:: TASK TO CARRY OUT ::
Exact wording is needed for every line from the one holding "6月1日(生徒集会) 投稿日時 : 2023/06/02" to the end of the records below; write those lines out and omit the pictures.

Records drawn from a dataset
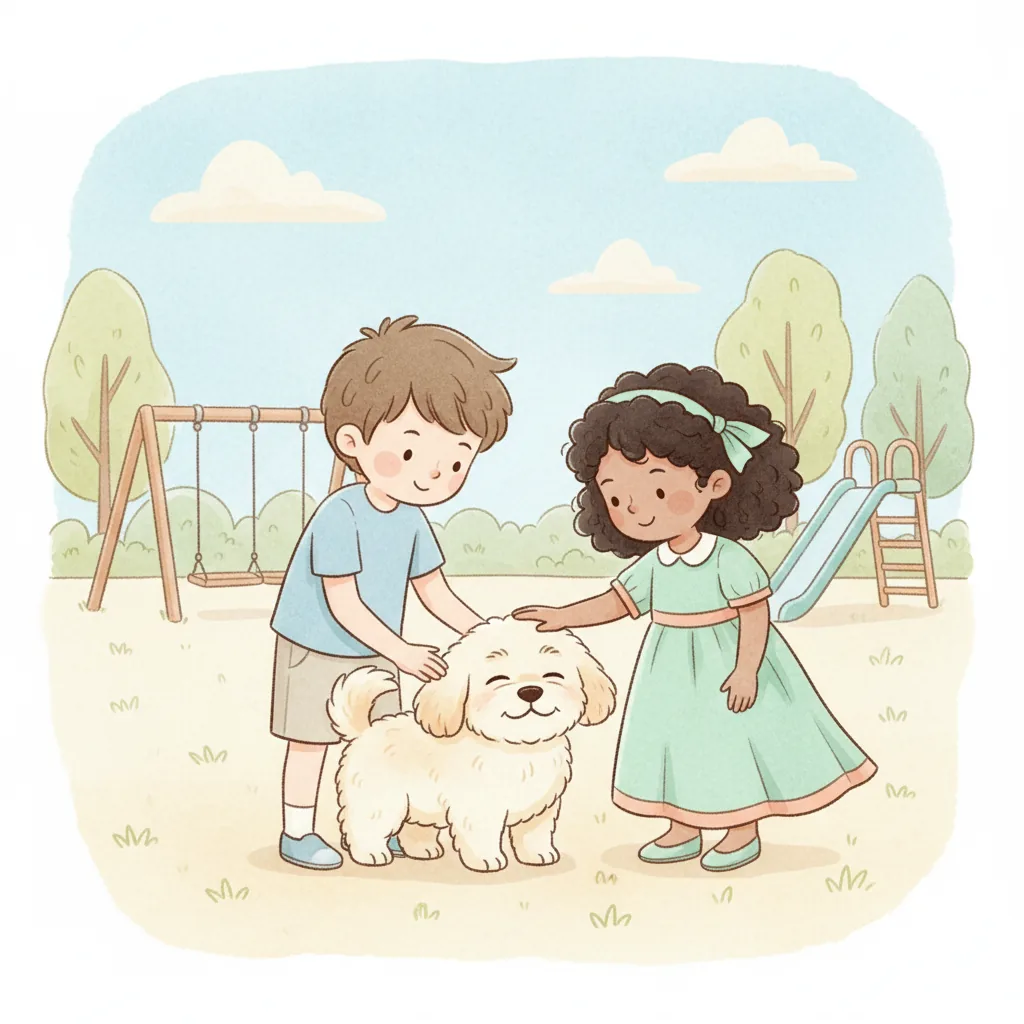"es": "✏️ Vocabulary:\n\n\n1. **Cariñoso** \n- Ser amable y gentil con los demás\n\n2. **Amable** \n- Suave y cuidadoso al tocar\n\n3. **Amigo/Amiga** \n- Alguien que te gusta y con quien pasas tiempo\n\n4. **Mascota** \n- Un animal del que cuidas y al que quieres\n\n5. **Suave** \n- No duro ni áspero; fácil de tocar\n\n6. **Compartir**\n- Dejar que otros usen o tengan algo que tú tienes\n\n7. **Saludable**\n- Sentirse bien y fuerte\n\n8. **Abrazo**\n- Rodear a alguien con tus brazos para mostrar amor o cariño",
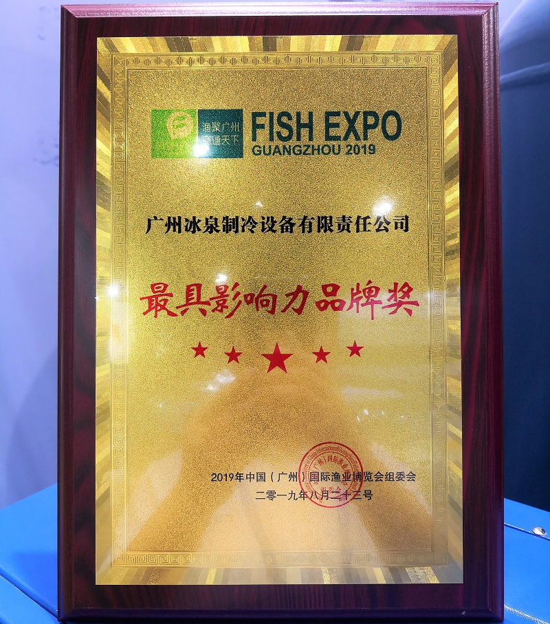 通過廣州國際漁博會組委會專家嚴(yán)格審評,一致認(rèn)為冰泉制冷在制冰設(shè)備行業(yè)內(nèi)影響力較大,業(yè)績突出、社會反響良好,評選冰泉制冷為本次漁博會“最具影響力品牌獎”。
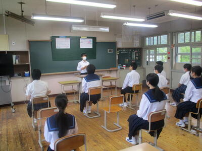 6月1日(生徒集会) 投稿日時 : 2023/06/02 学校管理者 〇今月の各専門委員会活動の共有化を図り、学校全体で取り組むことの確認を行いました。学習委員会では、「テストに向けて振り返ろう」生活保体委員会は、「歯と口の健康に気をつけよう」の目標に、具体的な取組が示されました。その後、生徒会が人選し、月毎に張った生徒を表彰する「MOM(Man of the minamiuru)」の表彰がありました。表彰を受けた生徒は「みんなのおかげです。今後も頑張ります」とお礼の言葉を述べていました。大変素晴らしい言葉だと感心しました。 Tweet
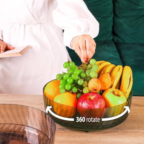 - تصميم متعدد الاستخدامات: بولة فاكهة اكريليك دوارة شفافة مثالية لعرض وتنظيم الفاكهة والوجبات الخفيفة وأغراض المطبخ، مزودة بقاعدة دوارة تتيح سهولة الوصول.
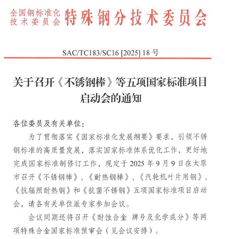 2025年9月9日,《不锈钢棒》、《耐热钢棒》、《汽轮机叶片用钢》、《抗辐照耐热钢》和《抗菌不锈钢》五项国家标准项目启动会将于太原市召开。

:: EXPECTED OUTPUT ::
 6月1日(生徒集会) 投稿日時 : 2023/06/02 学校管理者 〇今月の各専門委員会活動の共有化を図り、学校全体で取り組むことの確認を行いました。学習委員会では、「テストに向けて振り返ろう」生活保体委員会は、「歯と口の健康に気をつけよう」の目標に、具体的な取組が示されました。その後、生徒会が人選し、月毎に張った生徒を表彰する「MOM(Man of the minamiuru)」の表彰がありました。表彰を受けた生徒は「みんなのおかげです。今後も頑張ります」とお礼の言葉を述べていました。大変素晴らしい言葉だと感心しました。 Tweet
 - تصميم متعدد الاستخدامات: بولة فاكهة اكريليك دوارة شفافة مثالية لعرض وتنظيم الفاكهة والوجبات الخفيفة وأغراض المطبخ، مزودة بقاعدة دوارة تتيح سهولة الوصول.
 2025年9月9日,《不锈钢棒》、《耐热钢棒》、《汽轮机叶片用钢》、《抗辐照耐热钢》和《抗菌不锈钢》五项国家标准项目启动会将于太原市召开。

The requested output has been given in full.